Dr. David Treleaven 45:30

Mine is to go forward and not be afraid. And sometimes people hear the work around trauma sensitivity, and if they're new to the topic, I think they can get a bit frozen. I've heard this from people where they're suddenly realizing, 'Oh, my gosh, I didn't realize that meditation and trauma had this kind of tricky overlap. I don't know what I should do here. People will freeze up a little bit. And I'm of the mind right now that this is so needed in a very polarized world right now. Mindfulness and contemplative practices generally, and to go forward and not feel fear that someone will get triggered and I will be in trouble. What I often encourage teachers is that meditation, in any contemplative practice,  is, as you know, a very powerful practice; it will likely reveal trauma. And that's not bad news. If someone comes to you and they start disclosing a trauma or a flashback, take it as a compliment.  

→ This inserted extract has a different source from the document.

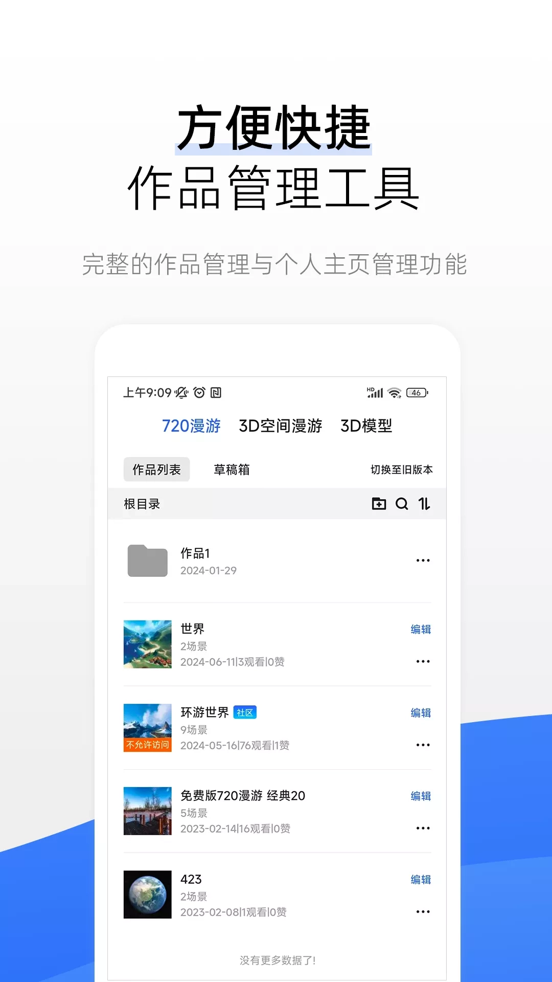 【上720云,欣赏国内优质精品全景】 全景室内设计、新房装修、旧房改造,景观园艺,更有国内外各网红景点最美全景展示。繁华的城市、静谧的村落,热闹的民俗节日、人物纪实,看不到的景观时刻,中学高校、展馆展览、全景原画、汽车内饰等,全景创作者们全都用全景的方式记录下来,给你重新打开这个世界的大门。 【用720云,做炫酷的强交互全景漫游H5,学先进的全景课程理论/实操】 在线上传、制作,傻瓜化操作,快速分享至微信/QQ/抖音/快手/皮皮虾等社交短视频平台,快捷骚操作,不需要技术含量! 在线课程、专业授课,海量免费视频教程,定期线上培训,快速自学全景图、全景视频的制作方法、后期技巧、商业干货进阶教程。 【找720云,顶尖技术团队提供全景拍摄、H5制作服务】 业内公认的全景摄影师认证体系,为覆盖全国范围的全景摄影服务提供高标准的制作水准、高效率的执行流程、严格的验收标准。 覆盖全国50个城市的合伙人制度,更适合全景行业良性发展的合伙人,保证行业良性竞争和售后服务,给客户体贴入心的全程服务体验。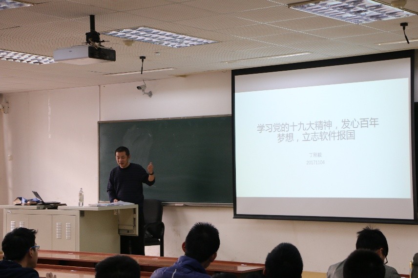 2017年11月4日下午1點在信息教學(xué)樓2006教室,軟件學(xué)院院長丁剛毅為軟件學(xué)院積極分子講解了主題為“學(xué)習(xí)黨的十九大精神,發(fā)心百年夢想,立志軟件報國”的黨課。丁院長首先向同學(xué)們強(qiáng)調(diào)了充分學(xué)習(xí)宣傳貫徹黨的十九大精神的重大意義,全面準(zhǔn)確講解了黨的十九大精神。然后丁院長從中國共產(chǎn)黨黨史、中國近代史、軟件工程革命史、人類史等角度,幫助積極分子通過深刻認(rèn)識歷史做到登高望遠(yuǎn)。丁院長講解了十九大報告中出現(xiàn)的57個“心”字,如初心、同心、信心、核心、關(guān)心、核心、心連心等,引導(dǎo)積極分子不忘申請入黨的初心。最后,丁院長要求積極分子要認(rèn)真學(xué)習(xí)、研讀十九大精神,通過政治學(xué)習(xí)提高自己的專注力,努力為專業(yè)發(fā)展、國家發(fā)展、人類發(fā)展做出貢獻(xiàn)。

My sense of this community is it's a lot of very attuned, empathic people. And so people will naturally  want to tell you the secrets, and it's just like you said earlier with that story that I told, you could freeze  up there and go, 'Oh, geez, this is now this is problematic,' or you can go 'Wow, thanks for trusting me.'  And then we can learn to refer on, if we're outside of our circle of competence, or we can work with it if we have some training, but we can relax around the whole thing. Go forward without fear,  and know it's a powerful practice; things will come up, and it's fine. People get triggered.  That's not bad news. It'll happen; you can expect it. So I'd say that just go forward, assuming trauma is in the room. And learning how to work with it. And just people being in this conversation, I think half of the game is just having some framework and awareness of the topics.  


Dr. Vamsi Koneru 47:38  

David, thank you for your time and ongoing teaching or development of these ideas and practices in this larger community. I always feel buoyed when I know there are teachers in the world like you; I feel very heartened, as we practice, maybe regularly by ourselves, that we get reminded that we're part of a larger community. I'm always grateful to know that you and folks like yourself are part of this community. So, thank you again for your time today and the wisdom you've offered to this larger community as part of this summit. So, thank you again.  


Dr. David Treleaven 48:14  

Thanks, Vasmi. It's good to be here.